Полковник явно его подначивал. Они одолели две трети пути, и Валентин вконец изнемог. Кровь пульсировала в висках, колени мелко подрагивали. Такая вещь, как усталость, была ему в общем знакома, но тут он столкнулся с чем-то абсолютно новым. Впрочем, хорошо известно, что не умеющие плавать выдыхаются, едва проплыв пять-десять метров, а впервые вставшие на лыжи падают в снег уже после первого километра. Нечто подобное случилось и с ним.
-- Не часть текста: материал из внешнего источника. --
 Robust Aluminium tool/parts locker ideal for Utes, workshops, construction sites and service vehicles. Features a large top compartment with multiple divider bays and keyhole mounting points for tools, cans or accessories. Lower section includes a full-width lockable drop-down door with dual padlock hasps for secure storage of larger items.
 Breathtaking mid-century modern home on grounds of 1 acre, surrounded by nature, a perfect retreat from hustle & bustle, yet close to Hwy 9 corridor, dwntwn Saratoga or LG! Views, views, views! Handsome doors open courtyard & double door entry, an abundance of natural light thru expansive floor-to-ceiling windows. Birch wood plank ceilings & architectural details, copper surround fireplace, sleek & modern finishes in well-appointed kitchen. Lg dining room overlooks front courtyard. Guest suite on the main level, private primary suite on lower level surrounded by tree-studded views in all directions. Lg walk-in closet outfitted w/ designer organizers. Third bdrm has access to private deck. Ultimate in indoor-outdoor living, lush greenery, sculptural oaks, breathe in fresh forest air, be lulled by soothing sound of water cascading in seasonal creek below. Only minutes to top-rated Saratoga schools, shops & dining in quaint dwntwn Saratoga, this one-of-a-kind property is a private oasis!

Полковник-хитрюга не спешил с советами, а сам Валентин только сейчас стал понимать, что бороться со стихиями — занятие совершенно бессмысленное. Их следует обманывать, им следует потакать, к ним следует приноравливаться. В противном случае поражение неминуемо. Короче говоря, он устал — и устал крепко. Тем не менее на предложение полковника упрямо мотнул головой.

— Это хорошо! Гонор штука глупая, но тоже кое-чего стоит, — полковник пристроился рядом, рукой вновь подцепил трос, манипулируя им ровно настолько, чтобы удерживать гигантский парус в строгой горизонтали. Они прошли совсем немного, но Валентин изумленно сообразил, что малой этой поддержки ему более чем достаточно. Сам по себе аппарат нести было несложно, главной бедой оставались порывы ветра, и, стараясь не сбиваться с дыхания, он зашагал бодрее.
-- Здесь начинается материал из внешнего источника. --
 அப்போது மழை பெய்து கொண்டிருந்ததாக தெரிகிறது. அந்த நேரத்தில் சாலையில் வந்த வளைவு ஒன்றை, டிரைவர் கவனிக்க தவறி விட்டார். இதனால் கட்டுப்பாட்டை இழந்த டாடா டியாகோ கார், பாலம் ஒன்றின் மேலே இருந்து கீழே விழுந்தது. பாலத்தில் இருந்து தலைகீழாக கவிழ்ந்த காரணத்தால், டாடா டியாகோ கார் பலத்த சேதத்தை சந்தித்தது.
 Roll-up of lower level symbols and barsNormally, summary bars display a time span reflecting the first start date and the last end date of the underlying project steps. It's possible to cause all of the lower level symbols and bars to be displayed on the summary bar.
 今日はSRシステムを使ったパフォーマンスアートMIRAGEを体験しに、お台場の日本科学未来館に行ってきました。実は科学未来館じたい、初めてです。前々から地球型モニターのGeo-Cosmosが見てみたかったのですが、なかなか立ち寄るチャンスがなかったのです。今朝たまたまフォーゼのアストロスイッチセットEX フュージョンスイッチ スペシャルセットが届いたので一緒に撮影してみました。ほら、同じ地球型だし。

— Есть, Валентин, такая фраза: «Человек жив памятью.» Красиво, но, как все красивое, нуждается в оговорке. Если чем-то человек и жив, то только грядущим! Память — это боль! Привязчивая, сладкая, но совершенно не плодовитая. Настоящая личность не должна оглядываться. Нельзя ехать на велосипеде и смотреть назад. Обязательно навернешься. Тем, у кого все только в прошлом, можно лишь посочувствовать.

— По-моему, вы просто пытаетесь противопоставить молодость и старость, — тяжело дыша, проговорил Валентин.

— Ничуть! Иной умирающий даст сто очков любому новорожденному. Разумеется, если в качестве младенца мы не имеем очередного Кортасара или Пушкина. Но вспомни, как славно — именно славно умирал Достоевский! А Горький? А Булгаков? А Моцарт? Предсмертие обращалось в бессмертие. Все лучшее эти гиганты создали именно в последние годы, в последние месяцы.

— Что-то не очень понимаю.

— А я, представь себе, понимаю! Возможно, потому что сам стою уже одной ногой ТАМ. Видишь ли, Валентин… Я хотел сказать, что память — это всего-навсего наше прошлое, и в этом прошлом не всегда присутствуем мы сами. Некие обстоятельства, некая рамочка, к которой мы, может быть, даже привыкли, но что сделаешь, если главный элемент картины пронесся через годы! Нет нас там! Увы, нет. Чего ж грустить о ветхоньком багете?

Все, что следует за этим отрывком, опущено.